* Task statement *
These records contain pictures, which must be left out; copy exactly the lines from the one with "2025 новый корейский" up to and including the one with "我院教授、科技人权研究中心执".

* Source data *
----
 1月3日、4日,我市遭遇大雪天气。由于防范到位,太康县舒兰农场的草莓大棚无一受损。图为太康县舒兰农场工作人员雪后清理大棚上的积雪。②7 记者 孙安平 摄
----
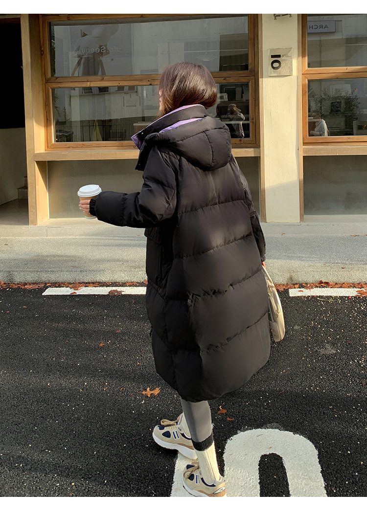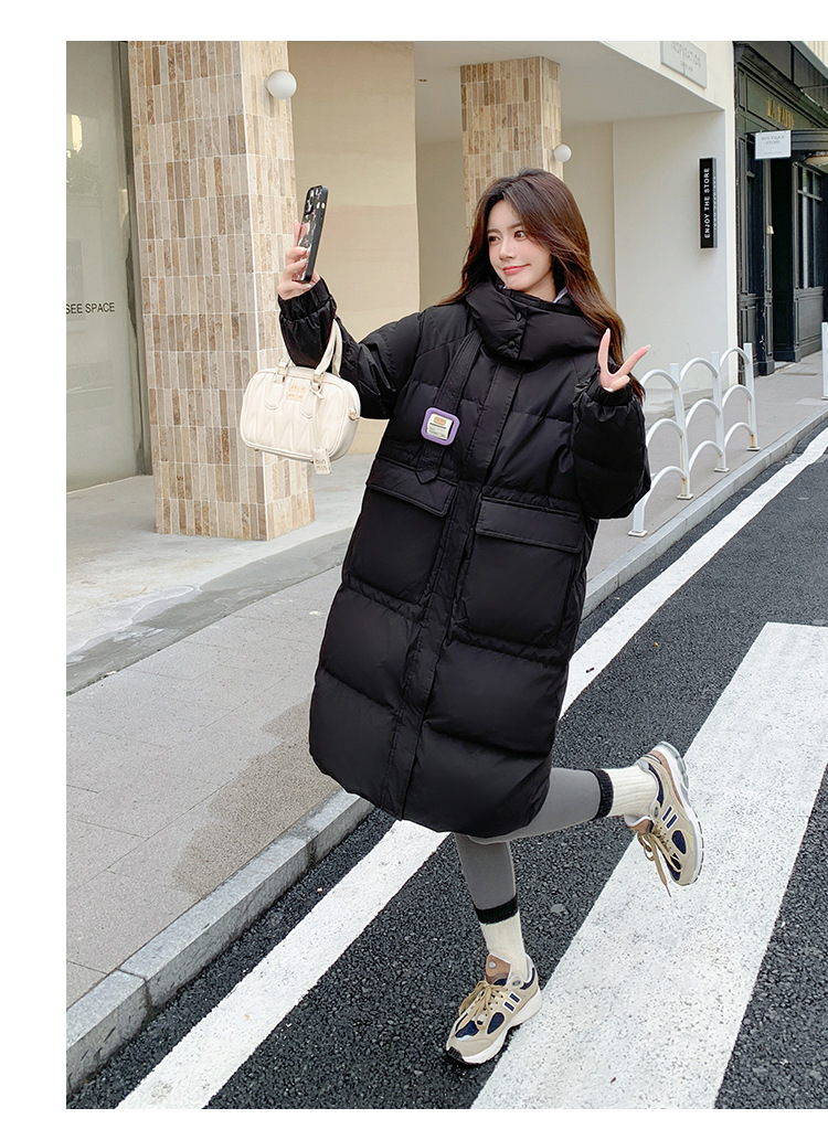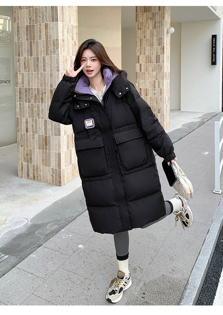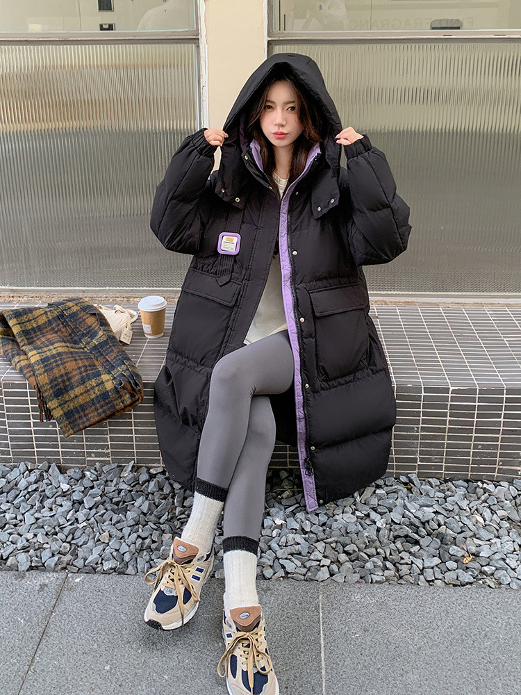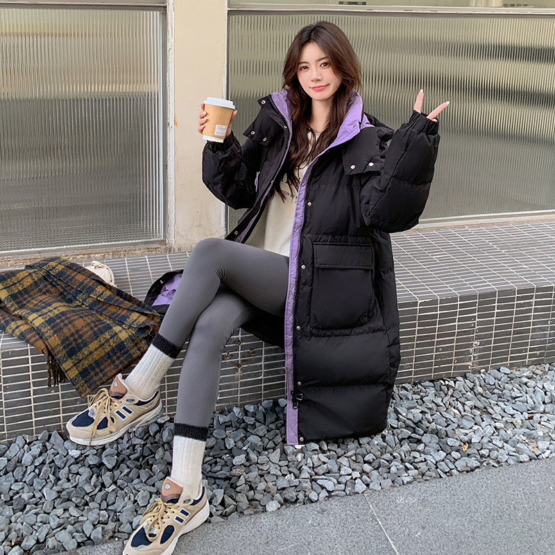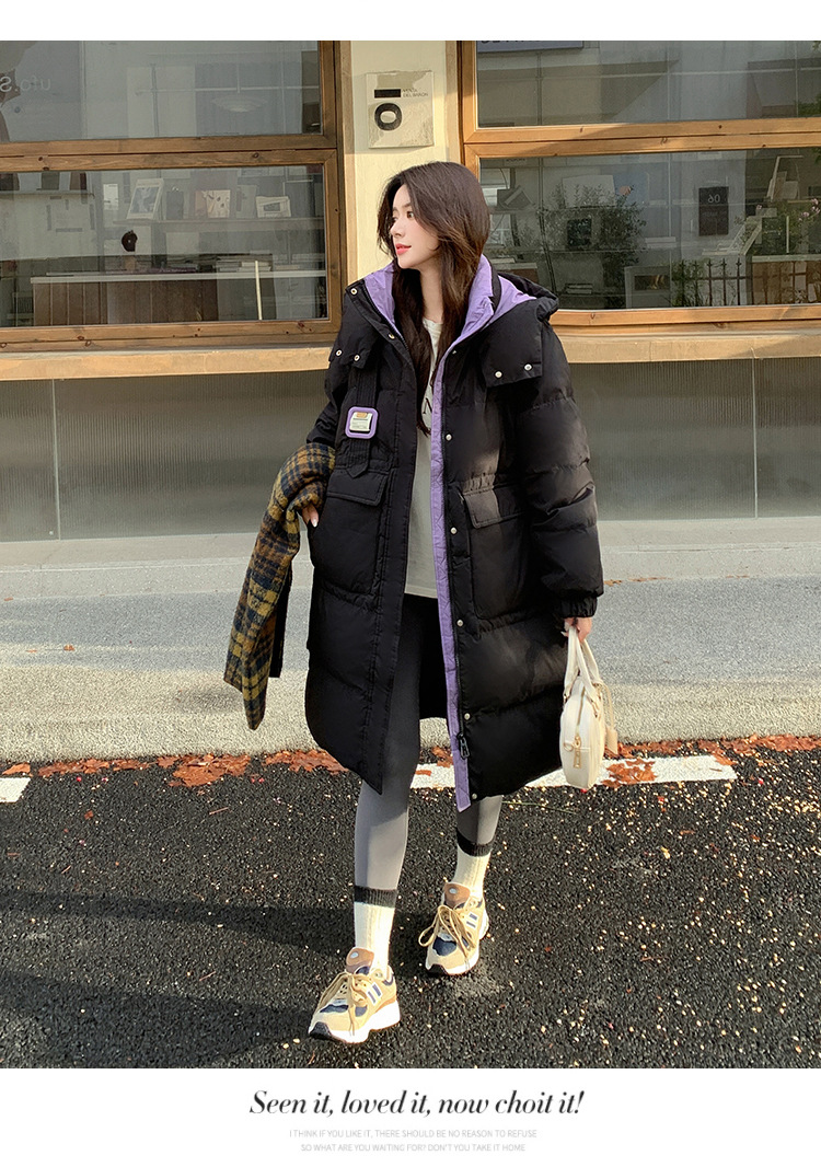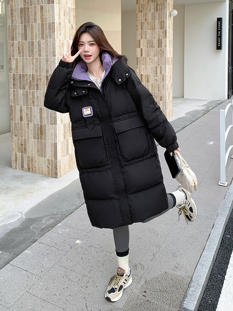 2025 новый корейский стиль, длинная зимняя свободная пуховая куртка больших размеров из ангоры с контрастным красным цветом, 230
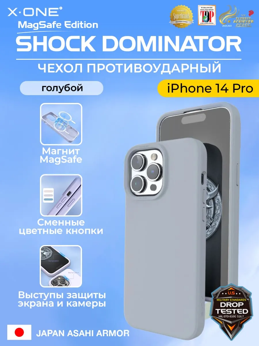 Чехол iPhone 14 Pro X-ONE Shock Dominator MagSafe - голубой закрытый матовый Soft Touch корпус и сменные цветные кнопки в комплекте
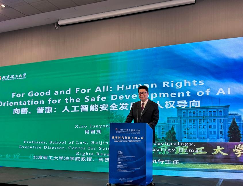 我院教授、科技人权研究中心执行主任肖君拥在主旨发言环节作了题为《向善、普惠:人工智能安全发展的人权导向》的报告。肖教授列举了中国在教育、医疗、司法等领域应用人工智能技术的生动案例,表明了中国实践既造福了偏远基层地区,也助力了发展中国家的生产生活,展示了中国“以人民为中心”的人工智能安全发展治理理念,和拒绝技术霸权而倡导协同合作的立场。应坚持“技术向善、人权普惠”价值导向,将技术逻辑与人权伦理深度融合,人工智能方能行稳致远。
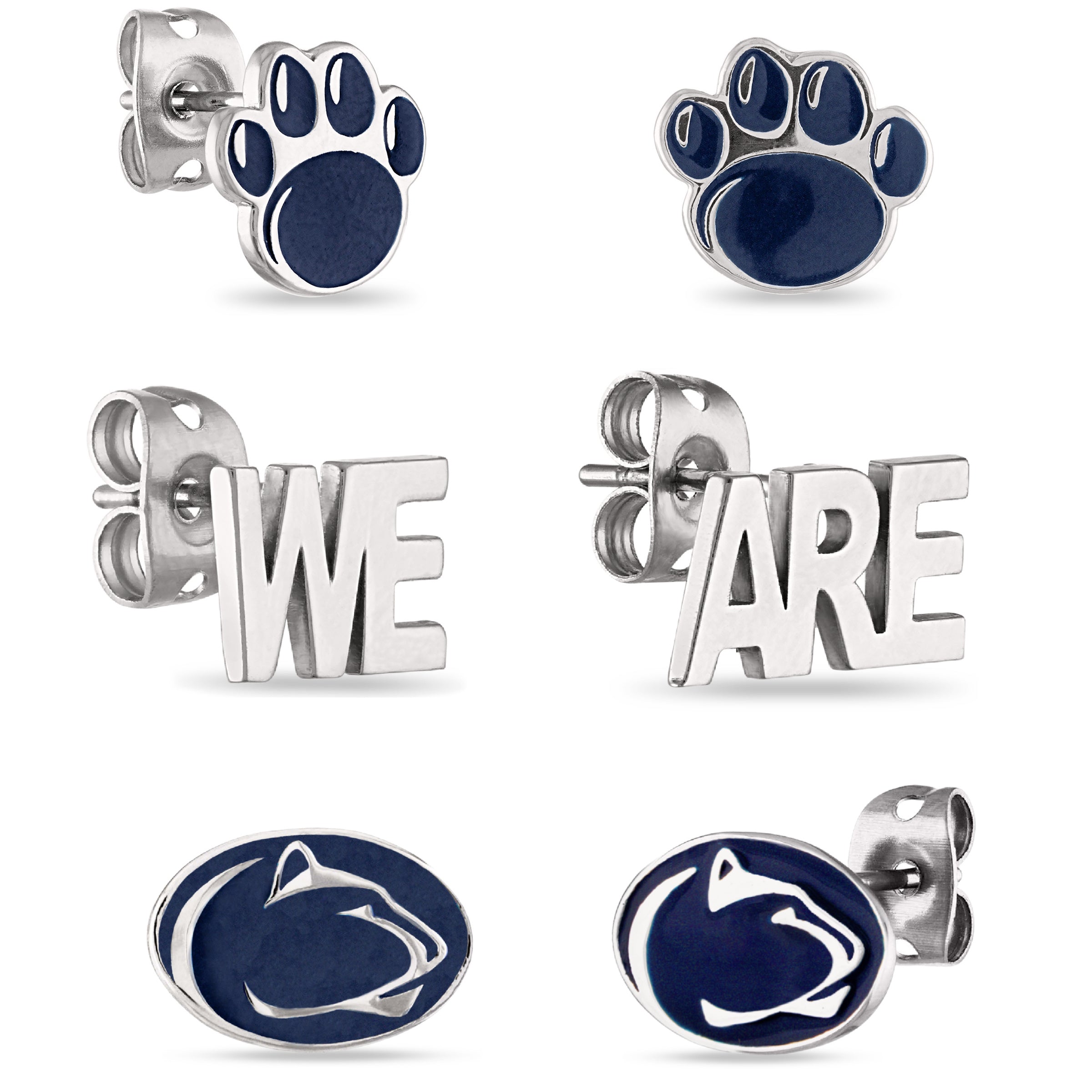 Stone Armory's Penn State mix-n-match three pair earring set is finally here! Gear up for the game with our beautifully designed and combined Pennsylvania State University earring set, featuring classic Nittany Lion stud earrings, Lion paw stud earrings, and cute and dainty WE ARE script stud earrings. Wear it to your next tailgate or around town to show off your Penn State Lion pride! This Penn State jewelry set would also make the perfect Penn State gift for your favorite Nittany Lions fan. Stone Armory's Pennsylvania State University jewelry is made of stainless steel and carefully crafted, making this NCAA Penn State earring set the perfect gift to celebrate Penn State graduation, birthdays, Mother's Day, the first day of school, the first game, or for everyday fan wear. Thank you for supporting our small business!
----
* Response *
 2025 новый корейский стиль, длинная зимняя свободная пуховая куртка больших размеров из ангоры с контрастным красным цветом, 230
 Чехол iPhone 14 Pro X-ONE Shock Dominator MagSafe - голубой закрытый матовый Soft Touch корпус и сменные цветные кнопки в комплекте
 我院教授、科技人权研究中心执行主任肖君拥在主旨发言环节作了题为《向善、普惠:人工智能安全发展的人权导向》的报告。肖教授列举了中国在教育、医疗、司法等领域应用人工智能技术的生动案例,表明了中国实践既造福了偏远基层地区,也助力了发展中国家的生产生活,展示了中国“以人民为中心”的人工智能安全发展治理理念,和拒绝技术霸权而倡导协同合作的立场。应坚持“技术向善、人权普惠”价值导向,将技术逻辑与人权伦理深度融合,人工智能方能行稳致远。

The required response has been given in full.